Impact of lower realisations and higher input costs

Grasim Industries reported an 8 per cent dip in net profit for the fourth quarter ended March 31, 2012, at Rs.809 crore (Rs.879 crore). In a statement, the company attributed the dip in profit to lower realisations and higher input costs, mainly caustic soda and coal.

During the quarter, sales volumes of viscose staple fibre (VSF), its main product, grew 11 per cent led by higher exports, despite slowdown in the eurozone and new capacities in China. However, prices of VSF and other competing fibres were at their peak a year ago and VSF realisation for the quarter was down 16 per cent, the statement said. Cement sales volumes grew 9 per cent at 12.06 million tonnes.

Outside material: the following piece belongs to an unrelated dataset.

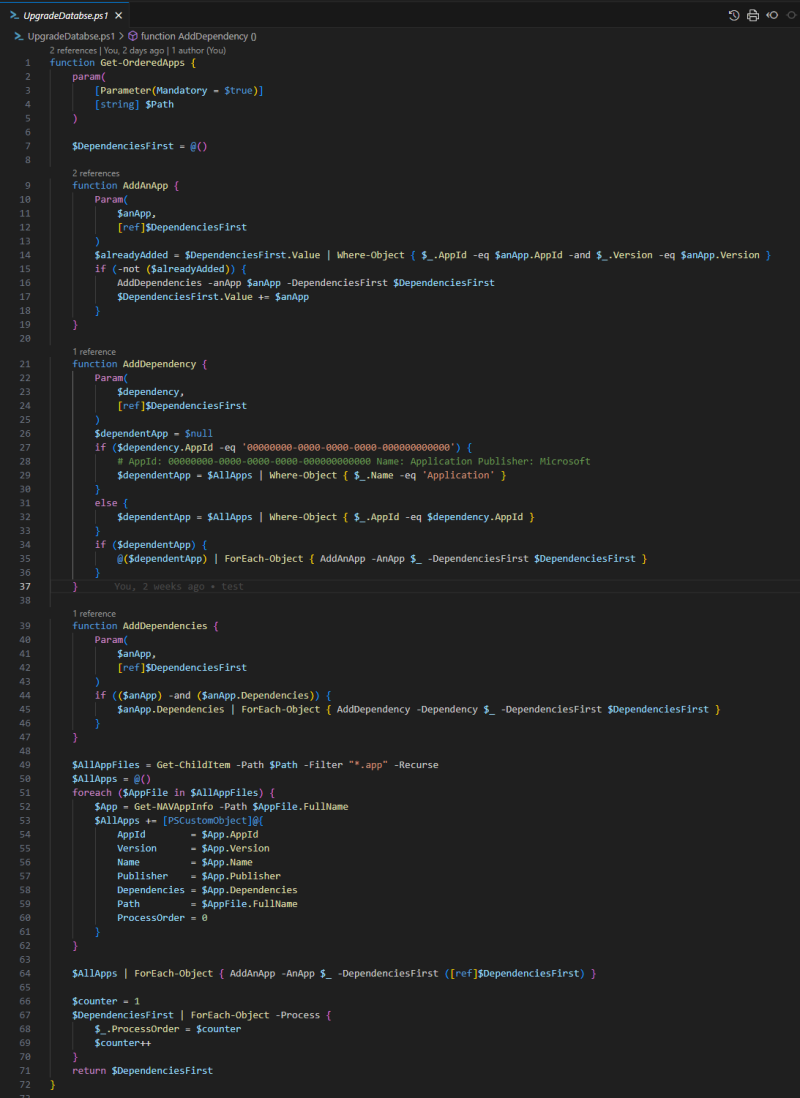 Let's take a look at what is inside that script. At the very beginning, there are some helper functions designed to assist in upgrading/installing apps in the correct order.
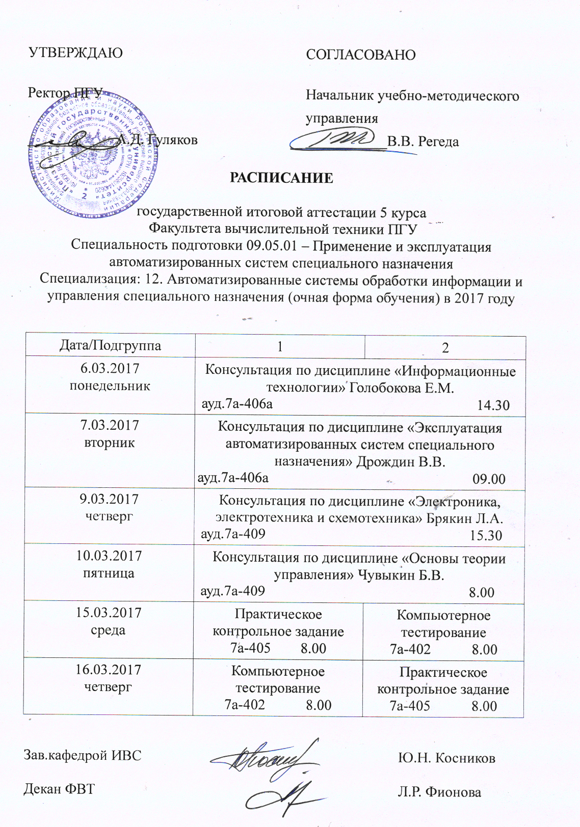 РАСПИСАНИЕ прохождения медосмотра студентов 2-3, 4 (не выпускной) курсов ФВТ

Net sales were up 13 per cent at Rs.7,205 crore (Rs.6,398 crore). The operating profit was Rs.1,883 crore (Rs.1,480 crore) during the quarter.


The directors have recommended a dividend of Rs.22.5 per share (Rs.20) for the year 2011-12 when its net profit grew16 per cent to Rs.2,647 crore (Rs.2,279 crore). Revenue was up 17 per cent at Rs.25,244 crore (Rs.21,550 crore).

The operating profit increased by 17 per cent to Rs.6,320 crore (Rs.5,395 crore).


The company is raising VSF and cement capacities by 50 per cent and 20 per cent, respectively by 2014 which will translate into an additional 1.56 lakh tonnes of VSF and 10.2 million tonnes of cement capacity. In its outlook for VSF, the statement said, stability in the eurozone and macro-economic policies would influence demand. In its outlook for cement, it said, despite 8 per cent projected growth in demand, the surplus scenario was likely to continue for three years. In the present context, rising energy costs posed a challenge to both the businesses.